Here are Bacher’s three best tips for taking photos of large groups:
- Shoot outdoors in the early evening and in the shade. This will help keep attendees from squinting in the sun. It’s also a good way to avoid shadows on faces, which often occur when the sun is overhead. Evening sun is warm and very flattering.
- Have everyone wear solid colors. Not everyone needs to wear the same color, though many groups opt to do so, but it’s a good way to help draw the attention to faces, not what each person is wearing. Avoid big logos, bold patterns and T-shirts with words or quotes.
- Group people by families or couples. It’s a good idea to group people in a photo by family if only to help attendees remember who is with whom after the reunion. This is also helpful to those who weren’t able to attend the reunion and want to see the families that were able to make it. Bacher also suggests not taking photos with heads on the horizon line. This will keep the background from being a distraction. Put taller people in the back, chins up to avoid double chins and ask that adults hold squirmy toddlers to ensure they don’t run off in the middle of the photo shoot.
Beyond posed group shots, consider a few fun pose ideas for family reunions. One idea concocted by Stuart McIntyre, a photographer with Photo Nottingham, was to have individual attendees pose inside a three-by-three box, which he then pieced together into a larger image of four boxes by four boxes (think of the look of “Hollywood Squares” or “The Brady Bunch,” both of which are three boxes by three boxes).
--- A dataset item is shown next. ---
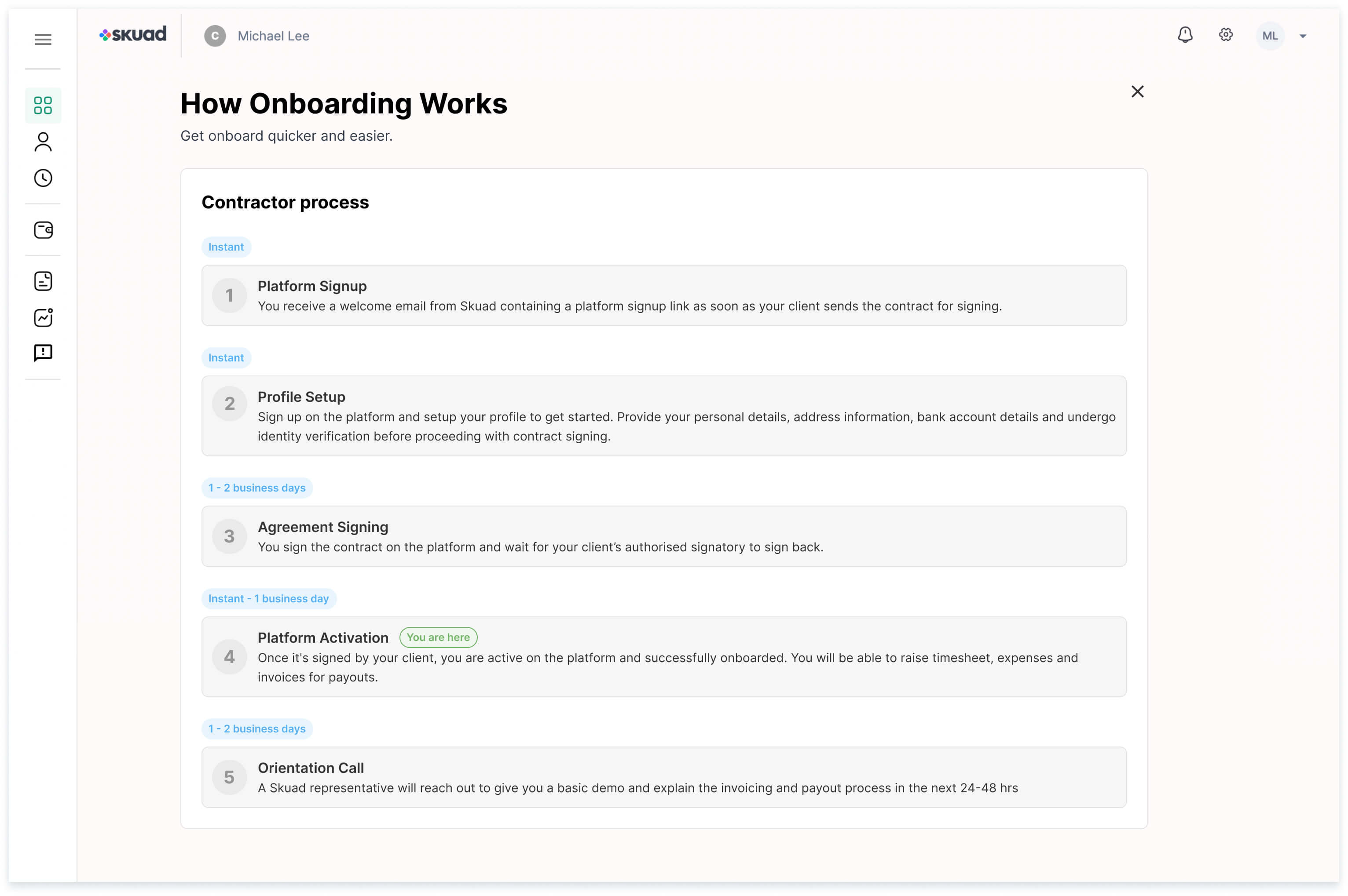 You've completed the signing process for your contract. The employer has been notified, and they will now review and sign the contract. Once this is done, you'll be activated on the platform. We'll inform you once this step is completed. For more details on the next steps, click on 'learn more' in the banner.

6. Create Photo Albums and Artwork
Designate a point person to collect digital photos, even simply photos taken on a smartphone, from attendees to compile into a hard cover photo album. Photo services, like Snapfish and Shutterfly, offer loads of designs and layouts, even embellishments, like digital stickers and images, to add in to make the pages pop.
Another great option is Blurb, which allows you to compile your photos into a high-quality coffee table book. You can add photos, quotes, digital images, anything you like. Even better, most photo services frequently offer high-value coupon codes to save money on photo albums. When the book is finished, simply send out the link for attendees to order copies on their own.
Sometimes, the best way to preserve memories from family reunions is simply printing out the photos you’ve taken. Frame them or turn them into photo artwork, like photo calendars and photo canvas prints, which make great wall art.
“We frame loads of photos once we are home,” said Keryn Means, a mother of two and a travel writer at Walking on Travels. “I also make a photo album whenever we go on extended family trips so everyone can remember the time we spent together.”